The Federal Election Commission highlighted those two names to the Obama campaign recently, noting that they had both given far in excess of the allowable $2,300-per-person (£1,300) limit on donations to presidential candidates. Doodad Pro gave more than $17,000 – money that must now be given back to avoid legal trouble.
This is no big deal for a campaign that has raised a staggering $485m so far, mostly from small contributions. But it is raising a red flag over whether the Obama camp has been doing enough to police where the cash is coming from. Another concern is that some of its donors may have been from overseas, and accepting money from foreigners is definitely a no-no.
* If you hadn't already guessed it, Mr Obama is markedly more popular among foreigners than John McCain, at least according to a new Reader's Digest survey of popular sentiment about the US election in 17 different countries. It was taken before the two party conventions and, yes, Mr Obama was preferred by majorities in every country except one – the United States.
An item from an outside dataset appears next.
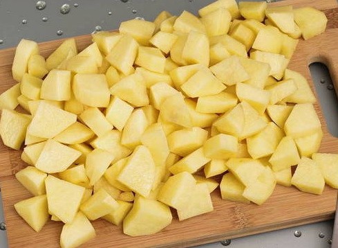 - Schil, was en snijd de aardappelen in middelgrote stukken van elke vorm.

The results pretty much echo a similar poll conducted last month by the BBC. According to those latest numbers, Obama would stroll to power if he was seeking election in Taiwan, Brazil, Germany or the Netherlands – all countries where more than 90 per cent of those questioned liked him more than the man with white hair.
The Obama campaign isn't doing much to return the love, however, at least as far is the press corps is concerned. It is the impression of most of the foreign correspondents who have been following this presidential race that the Obama camp is one of the least friendly to foreign reporters of any in recent memory.
*Thanks to the combined efforts of veteran lefties such as Kevin Costner and Oliver Stone, Hollywood's rendering of the 2008 election was threatening to turn into an Obama whitewash. Until now, that is.
This week sees the launch of the first Republican movie of the campaign, An American Carol, which is described as a "conservative comedy" and has been made by David Zucker, creator of The Naked Gun, Airplane, and the catchphrase "don't call me Shirley".
The satirical film follows a fictional journalist closely resembling Michael Moore (he's overweight and bearded), who wakes up one morning and decides to launch a campaign to ban fellow Americans from celebrating the Fourth of July. It stars Jon Voigt, one of Hollywood's noisiest right-wingers, and Paris Hilton, who (ironically) defected from the Republican cause after being criticised in a McCain campaign video.